Scottish professor of engineering (born 1944)

Peter Mitchell Grant (born 20 June 1944) is Senior Honorary Professorial Fellow, former Regius Professor of Engineering and Head of School of Engineering and Electronics at the University of Edinburgh. In 2004 he was awarded the 82nd Faraday Medal by the Institute of Electrical Engineers for his 'outstanding contributions to signal processing'.

==Education==
Peter Mitchell Grant was born in St Andrews and educated at Strathallan School, Perthshire in Scotland. He studied electrical and electronic engineering (BSc Hons) at Heriot Watt University and then for a PhD at the University of Edinburgh.

==Career==
Following graduation from Heriot-Watt University in 1966 Grant worked for Plessey in Havant as a development engineer on the design of digital frequency synthesisers and standards for the Clansman mobile radio communications system. In 1970 Grant moved to Glenrothes to work for Hughes Microelectronics where he had responsibility for the development of an electronic coin recognition system. Between 1971 and 1976 he was a research fellow at the University of Edinburgh where he studied the design and applications of surface acoustic wave (SAW) programmable analogue matched filters in communication systems, attaining his PhD in 1975. From 1976 to 1982 Mitchell was a lecturer at the University of Edinburgh, where he continued his earlier research with emphasis on the design of a range of wideband analogue Fourier transform processors for signal intercept, analysis and processing.

In 1977 he was invited to take the position of visiting assistant professor at the Gintzon Laboratory, Stanford University, where he supervised the design of a digital phased array acoustic imaging system. From 1982 to 1987 he was a reader at the University of Edinburgh, where his research focused on lattice, frequency domain and block adaptive transversal and nonlinear filter structures for the design of faster converging adaptive equalisers for radio communication applications. In 1985 he was invited by the Massachusetts Institute of Technology, Lincoln Laboratory to conduct research into radar and optical image processing. In 1987 he was appointed Professor of Electronic Signal Processing at the University of Edinburgh, where he led the department's signal processing research group activities and actively investigated future research activities for the group in mobile communications, through collaboration with industrial companies. From 2002 until 2008 Professor Grant was Head of School of Engineering and Electronics at the University of Edinburgh. In 2008 he was a visiting professor at Rice University and in 2009 a visiting fellow at Princeton University.
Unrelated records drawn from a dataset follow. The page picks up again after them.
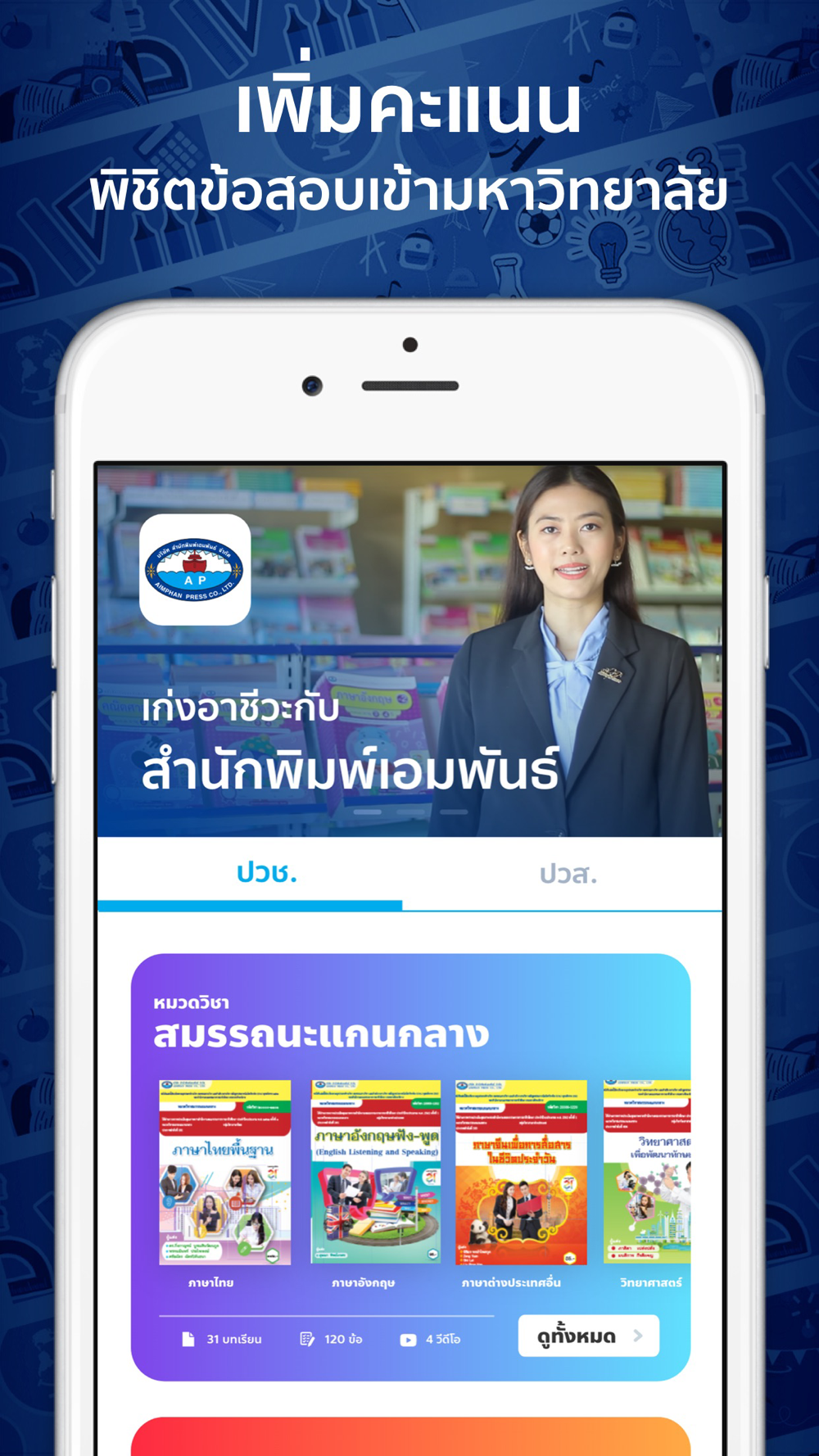 Aimphan Press คือแอปพลิเคชันการเรียนรู้ระดับชั้นอาชีวศึกษา ด้วยเนื้อหา วิดีโอ แบบฝึกหัด และคลังข้อสอบ ที่จัดทำโดยผู้เชี่ยวชาญแต่ละสาขา ใช้ประกอบการเรียนการสอน และการเรียนรู้ด้วยตนเอง ใช้ได้ทุกที่เรียนได้ทุกเวลา
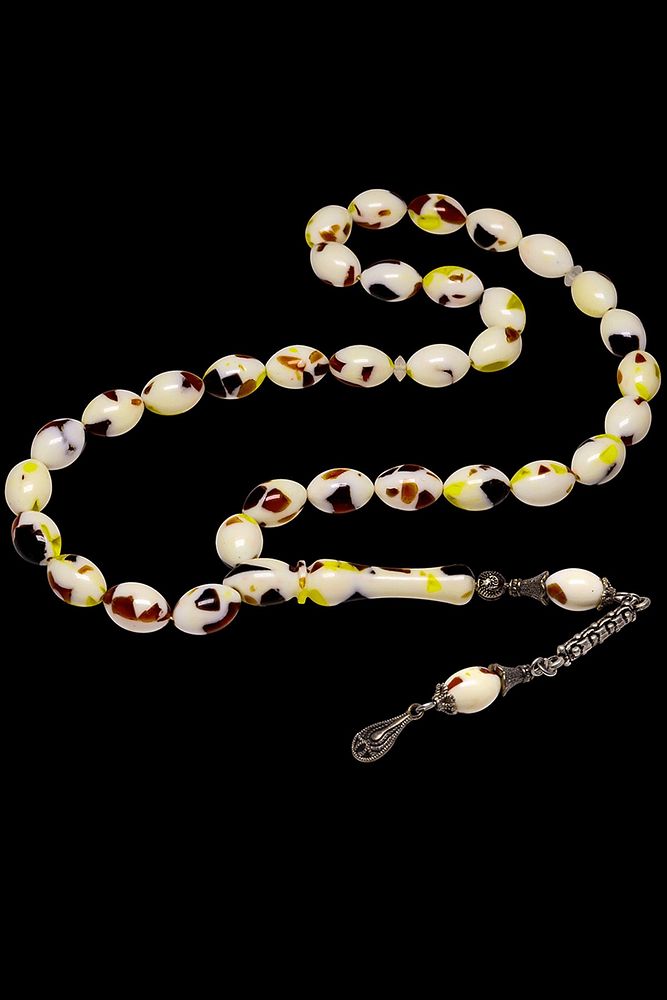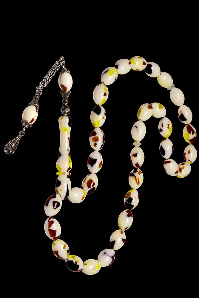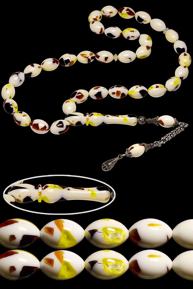 Ürün ya da Doğal Taş Açıklaması (Para - Sağlık - Pozitif Enerji Taşı) Toz Kehribar Tesbih modelleri, ''Tesbih Atölyesi'' Atölyelerinde ustalarımız tarafından kuru torna işciliği ile elde özen ile tane tane işlenmektedir. Ürünlerimiz el işciliği olduğu için sınırlı sayıda üretilmektedir. Tasarımlarımızda kullandığımız taşlar Dünya'nın en kaliteli yapay reçinesi kullanmaktayız. Toz kehribar tesbih modellerimizin kalite olarak ateş ve sıkma kehribardan hiç bir farkı yoktur. Aradaki tek fark ateş ve sıkma kehribar tesbihin renk almasıdır. Bu tasarımda; Parçacıklı çeşitli renklerden oluşan toz kehribar kullanılmıştır. İmame ve Püskül yapımında; Düşük ayar gümüş kullanılmıştır. Çift kaplama rodaj atıldığı için renk atmaz ve kararmaz bir yapıya sahiptir. Üretildiği Malzeme; Toz Kehribar; Ana Renk; Çeşitli Renk; Ağırlık; 20-30 gr; Tane Şekli; 7.7x11.5 mm; Tane Ölçüsü; Beyzi Kesim; Toplam Uzunluk; 20-30 cm; İmame ve Püskül Maddesi; Düşük Ayar Gümüş;
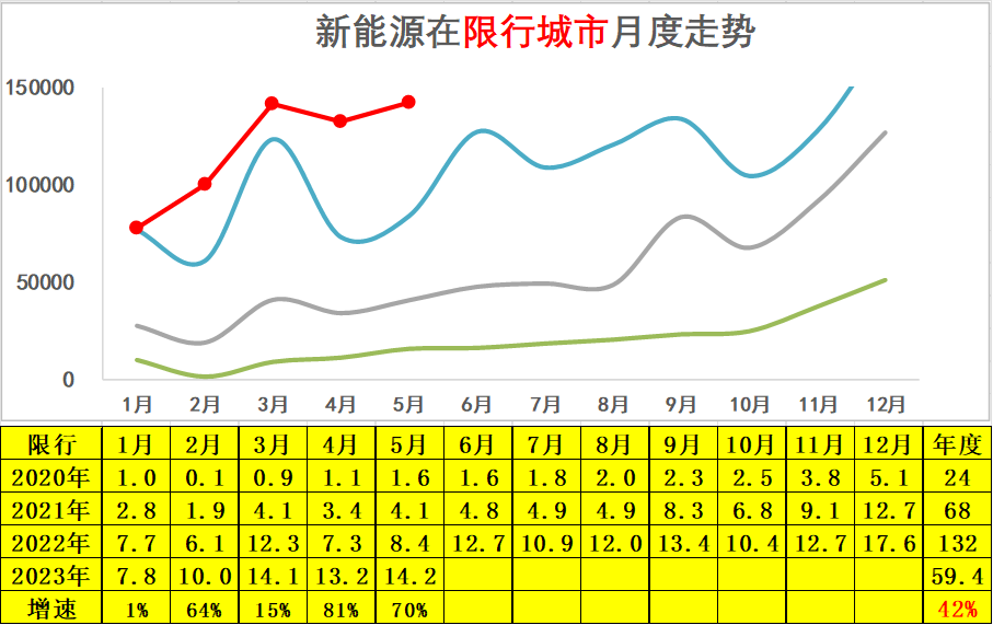 新能源车在限行城市的表现相对较强,2023年5月份达到14万台水平,同比增长速度达到70%的较好水平。
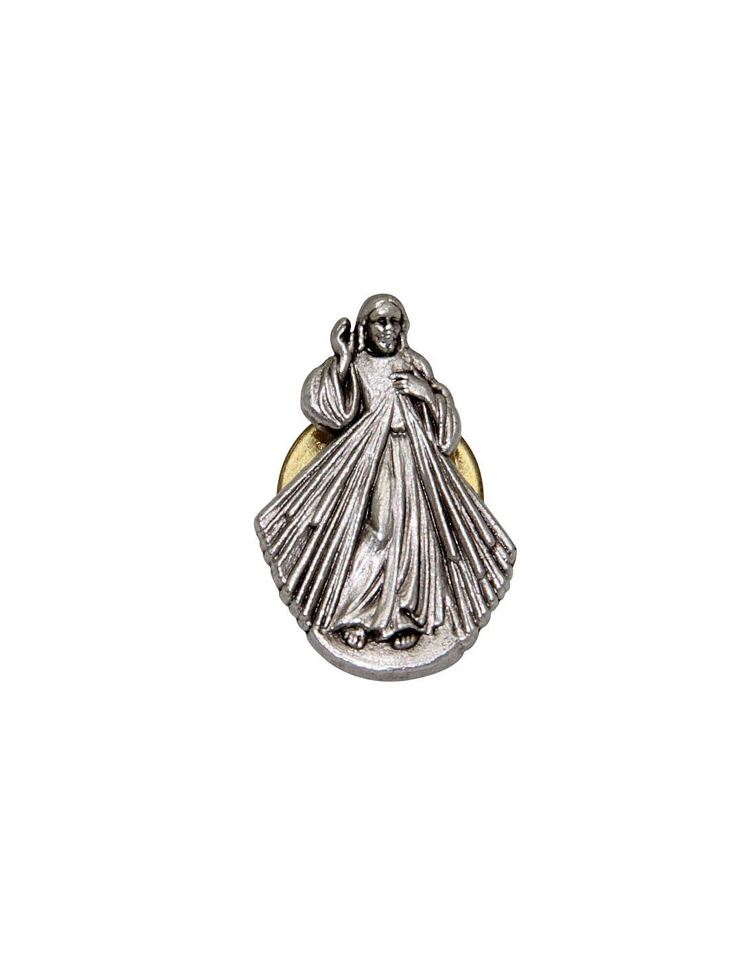 Pin's du Christ Miséricordieux en métal argenté. Cette broche fantaisie est un beau symbole de la foi chrétienne en un bijou élégant.
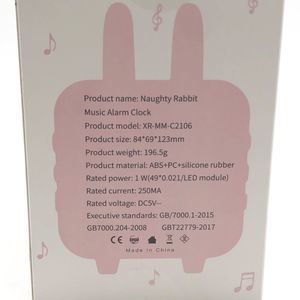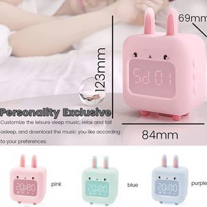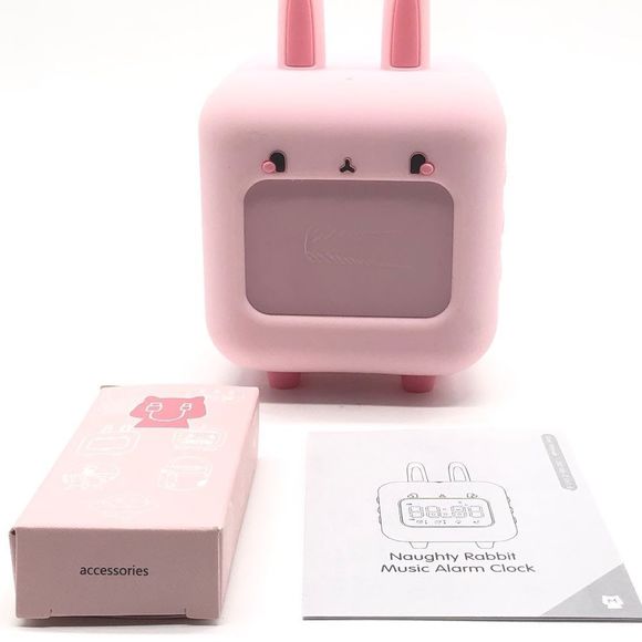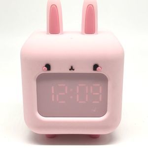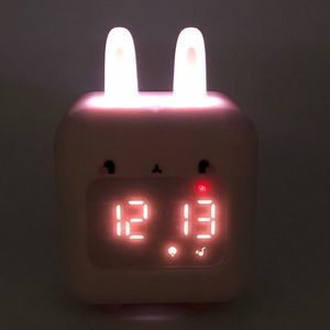 Pink Light Up Smart Rabbit Ears LED Music Alarm Clock,Multi-Functional For Kids
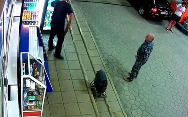 تداول رواد مواقع التواصل الاجتماعى فيديو لرجل يمسك بعصا خشبية غليظة واستخدمها لتحطيم ثلاجة بإحدى محطات الوقود في روسيا ليحصل على زجاجة مياه من داخلها.
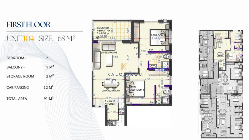 First floor apartment for sale in Kiti area, Larnaca. It consists of an open plan kitchen, living, dining area, two bedrooms, en suite master bedroom, a main shower room and covered balcony. In addition, the apartment has also access to an assigned storage room and covered parking.
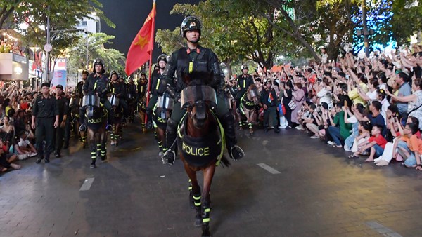 VOVVN - VOV.VN - Đội Cảnh sát cơ động kỵ binh có màn diễu hành và giao lưu với người dân tại phố đi bộ Nguyễn Huệ (TP.HCM) vào tối 30/4.

Throughout his career Grant has been a member or chairman of numerous committees, most notably, the Scottish Science Advisory Council; advising the Scottish Government on topics regarding science, engineering and technology. Grant was president of the European Association for Signal, Speech and Image Processing (EURASIP) from 2000 to 2002. He was a long serving Trustee and now Honorary Fellow of the James Clerk Maxwell Foundation. He has been a director of several companies and awarded four full international patents.

==Publications==
Grant has over four hundred publications to his name, including four books:

- Colin N. F. Cowan (1985). "Adaptive filters"
- Peter M. Grant (1989). "Analogue and Digital Signal Processing"
- Ian A. Glover (1997). "Digital Communications"
- Bernard Mulgrew (1998). "Digital Signal Processing: Concepts and Applications"

==Honours and awards==
Fellow of Institute of Electrical and Electronics Engineers, New York (FIEEE).

Fellow of Royal Academy of Engineering (FREng).

Fellow of Royal Society of Edinburgh (FRSE).

Fellow of Institution of Engineering and Technology, formerly Electrical Engineers, London (FIET/FIEE).

Fellow of the Higher Education Academy, formerly Institute for Learning and Teaching (ILTM/FHEA).

In 2007 he was one of the first four signal processing researchers to be elevated to 'EURASIP Fellow', the European Association of Signal Processing's most prestigious honour.

In 2009 Queens Birthday Honours he was appointed an Officer of the Order of the British Empire (OBE).

In 2006 he was awarded an honorary DEng degree from Heriot-Watt University

In 2007 he was awarded an honorary DEng degree from Napier University.